Assignment » For the data that follows, print the line with "(0) | 2019.12.05 |", the line with "韵动城LOFT建筑面积约50", and all lines between them, exactly as they stand. Omit pictures and add nothing.

Exercise data »
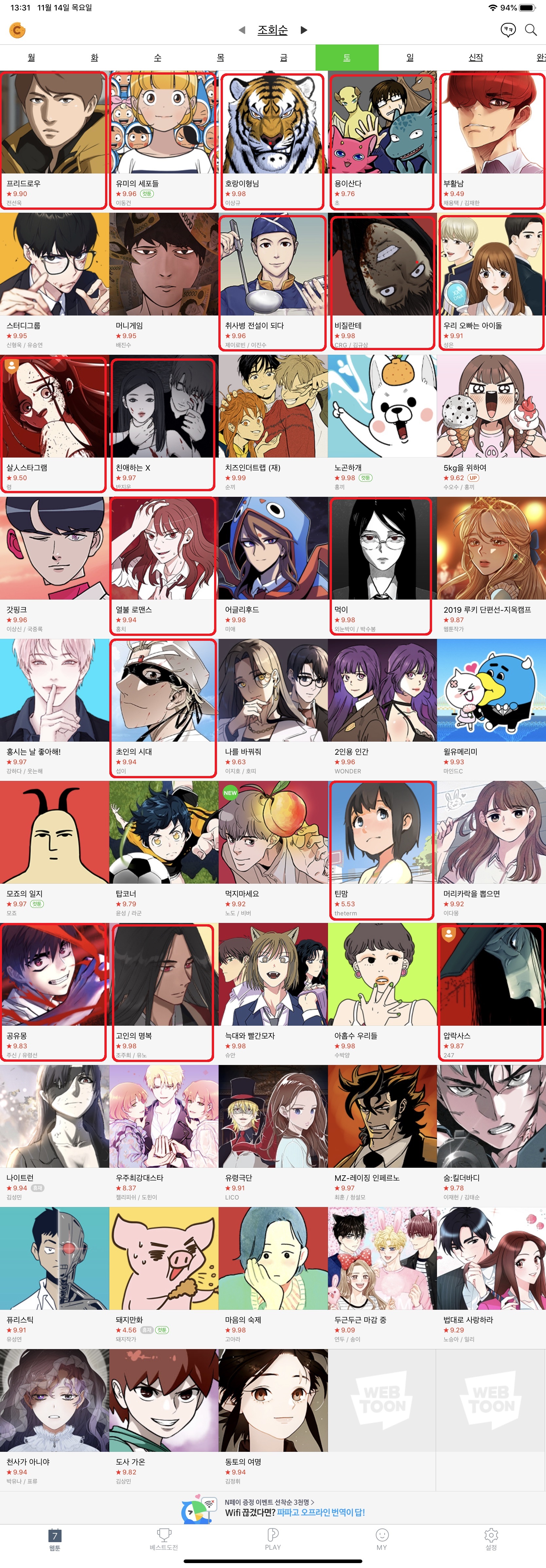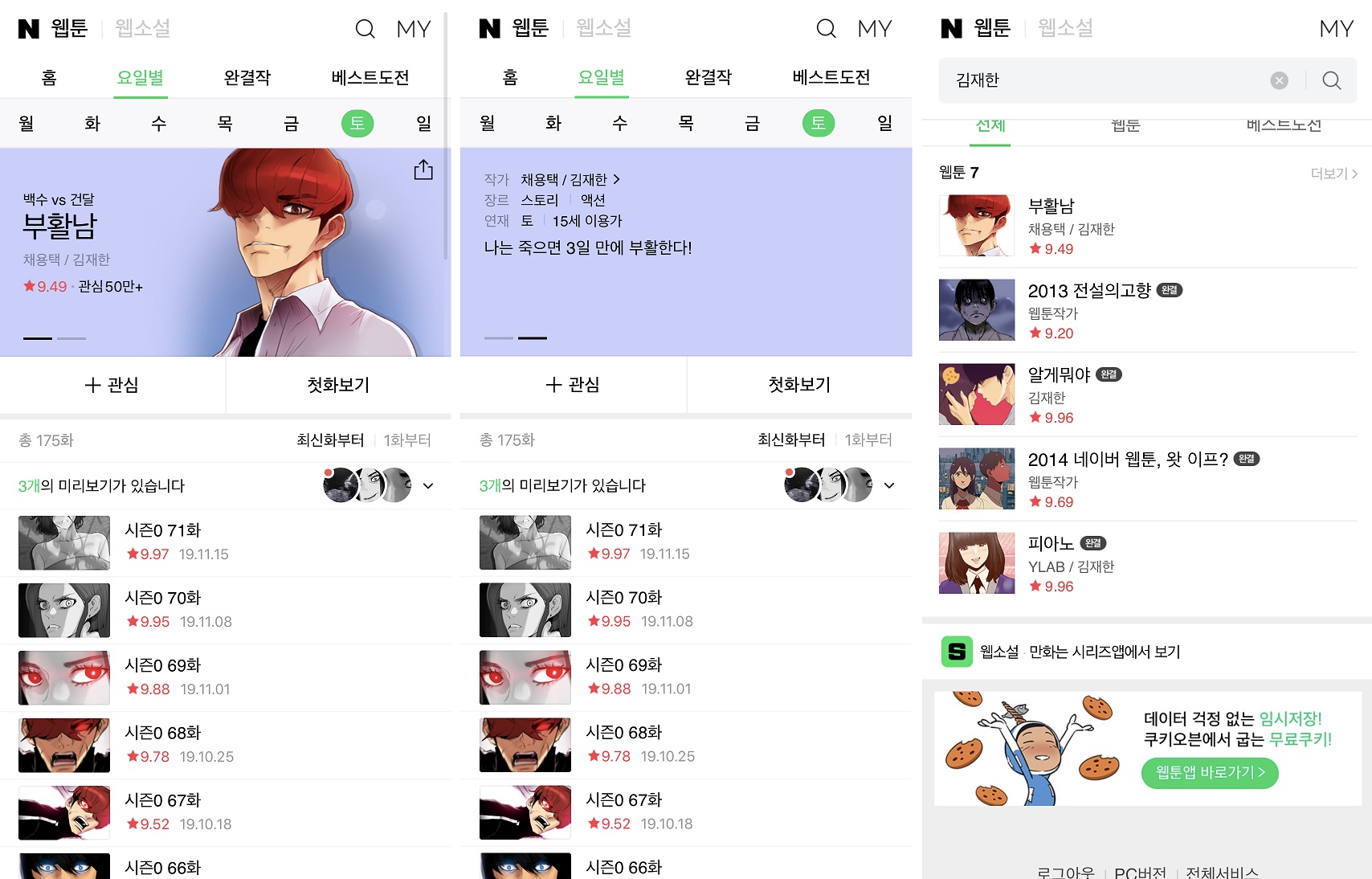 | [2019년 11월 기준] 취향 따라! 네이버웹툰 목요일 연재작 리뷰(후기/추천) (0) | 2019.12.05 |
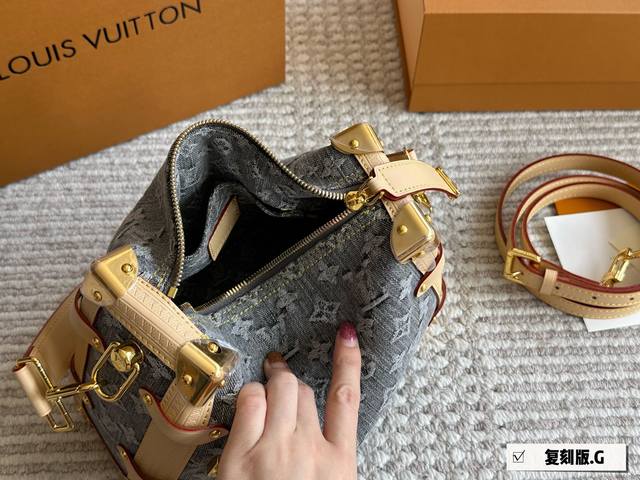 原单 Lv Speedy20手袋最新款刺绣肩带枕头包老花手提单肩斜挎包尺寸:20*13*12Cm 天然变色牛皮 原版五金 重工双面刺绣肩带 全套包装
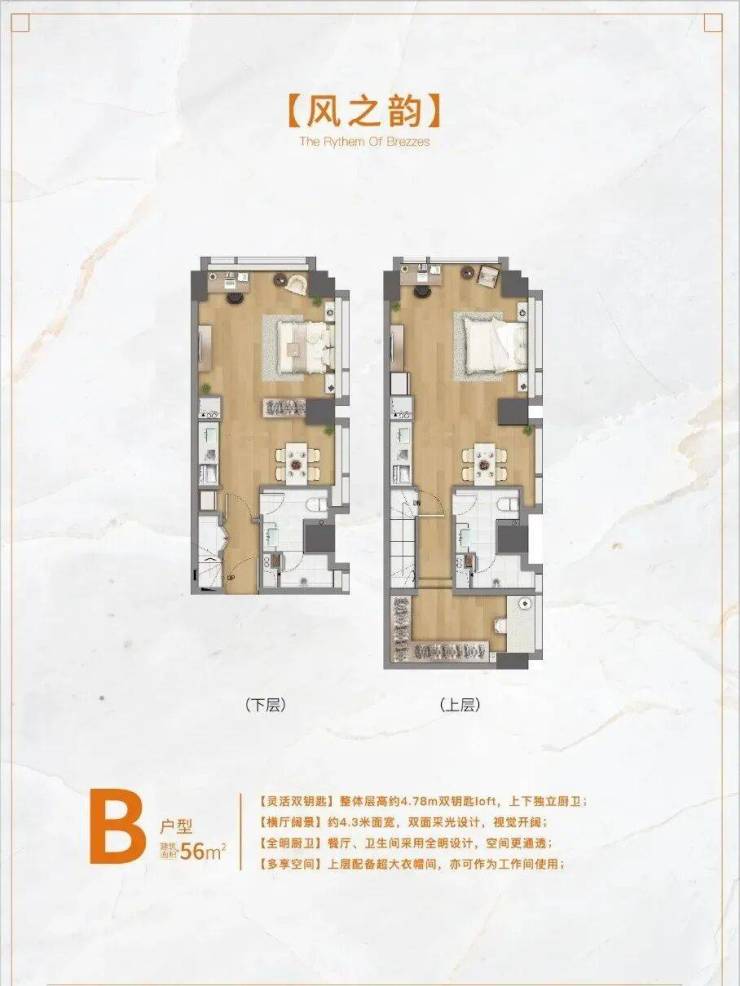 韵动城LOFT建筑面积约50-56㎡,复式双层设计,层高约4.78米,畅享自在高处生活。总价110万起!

...

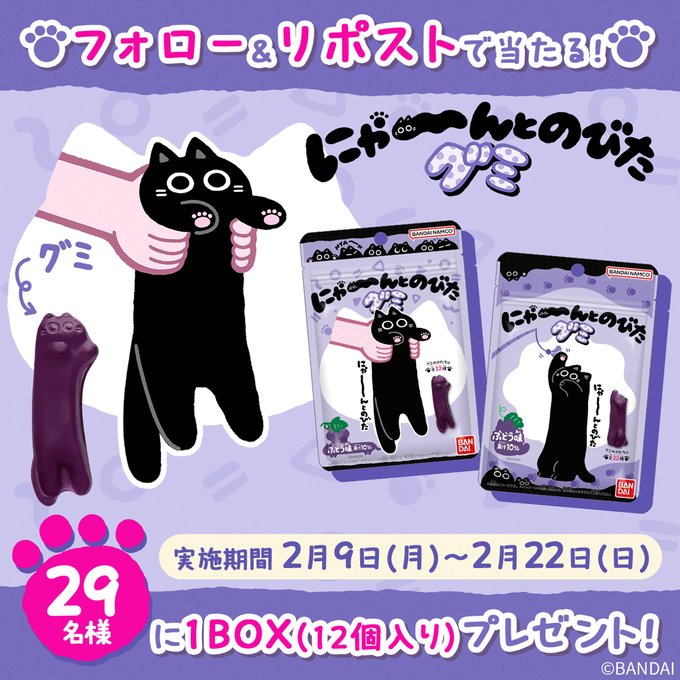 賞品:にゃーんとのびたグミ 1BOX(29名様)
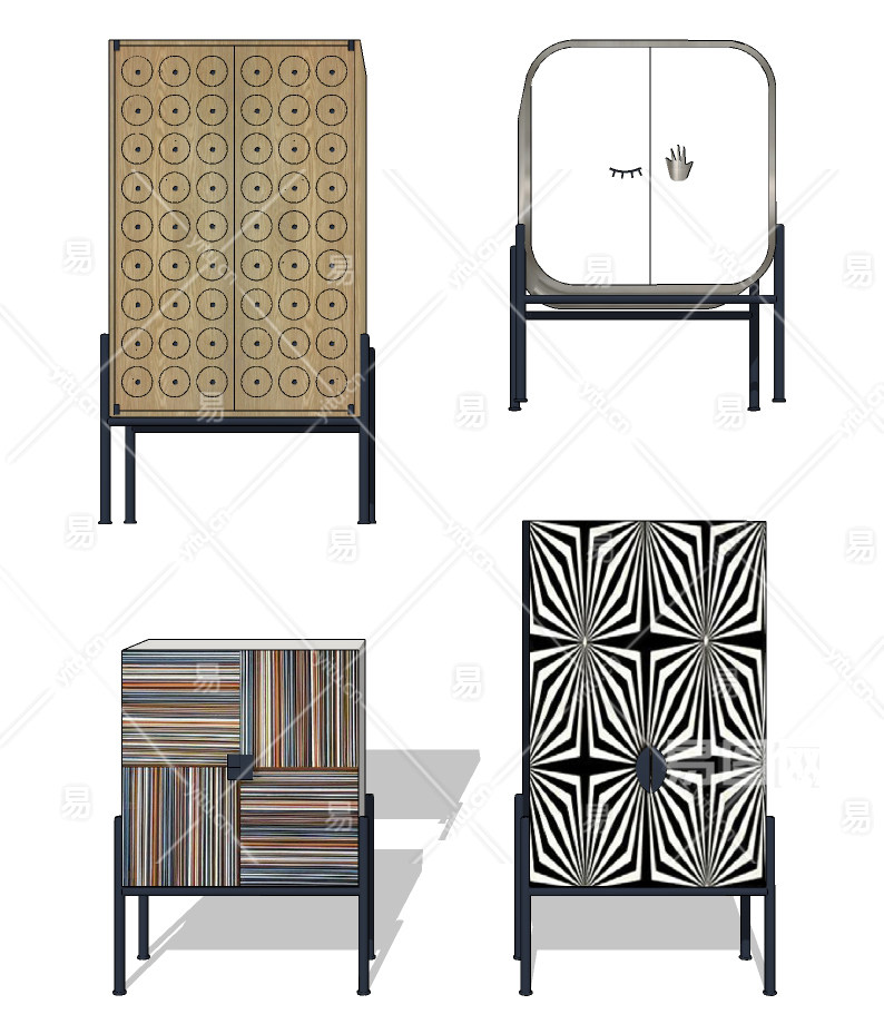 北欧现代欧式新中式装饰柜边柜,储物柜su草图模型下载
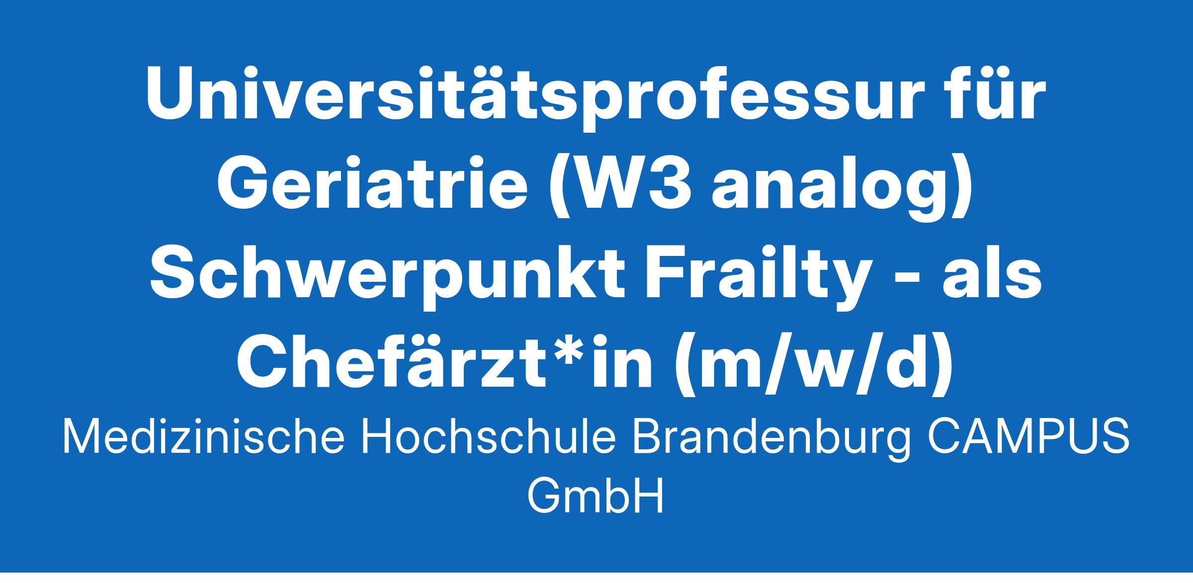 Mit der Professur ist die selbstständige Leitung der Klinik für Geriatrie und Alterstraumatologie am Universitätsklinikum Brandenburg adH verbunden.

Response area »
 | [2019년 11월 기준] 취향 따라! 네이버웹툰 목요일 연재작 리뷰(후기/추천) (0) | 2019.12.05 |
 原单 Lv Speedy20手袋最新款刺绣肩带枕头包老花手提单肩斜挎包尺寸:20*13*12Cm 天然变色牛皮 原版五金 重工双面刺绣肩带 全套包装
 韵动城LOFT建筑面积约50-56㎡,复式双层设计,层高约4.78米,畅享自在高处生活。总价110万起!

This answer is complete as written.